Thursday, March 17, 2011

The Business in Bahrain



My tweet above from February 18th might have only been a pithy, hyperbolic aphorism, but as the protests continue in the Gulf, I wanted to explore this thought a bit further.

The historic uprisings that have roared across the North Africa and the Middle East reached tiny, affluent Bahrain about a month ago. There, the protests bravely continue, with increasingly disturbing reporting in recent days describing an increasingly violent, militarized and sectarian confrontation.

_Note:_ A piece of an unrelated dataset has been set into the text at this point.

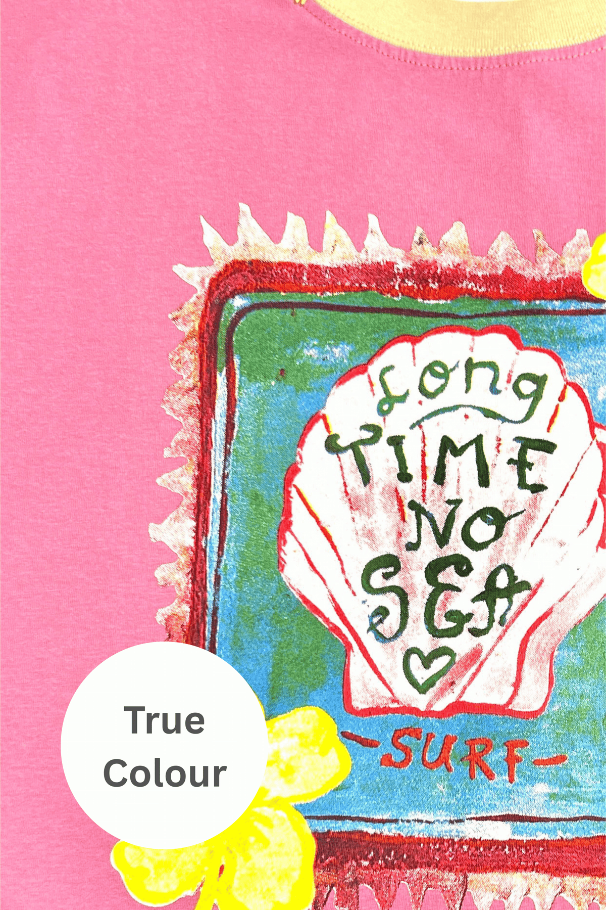 - Hand-drawn Long Time No Sea shell artwork on front

From when the crowds first gathered in the streets of Manama in mid-February, the particular nature of Bahrain's ultramodern built environment gave the events there a different character from the previous events in Tunisia and Egypt or the simultaneous street marches in Yemen, Jordan and elsewhere; quite apart from what is now civil war in Libya.

Cairo, Africa's and the Arab world's largest city, is enormous; densely built-up and developed. Its dusty-brown concrete jungle was constantly on display, live from Tahrir Square; and a significant chapter in the Egyptian revolution involved a night-time urban battle, simulcast live on international satellite news, showing protesters and their foes squaring off among the overpasses and on-ramps that twist across the Tahrir Square area, passing enormous international hotels like the Hilton and Four Seasons as they link to the bridges over the Nile.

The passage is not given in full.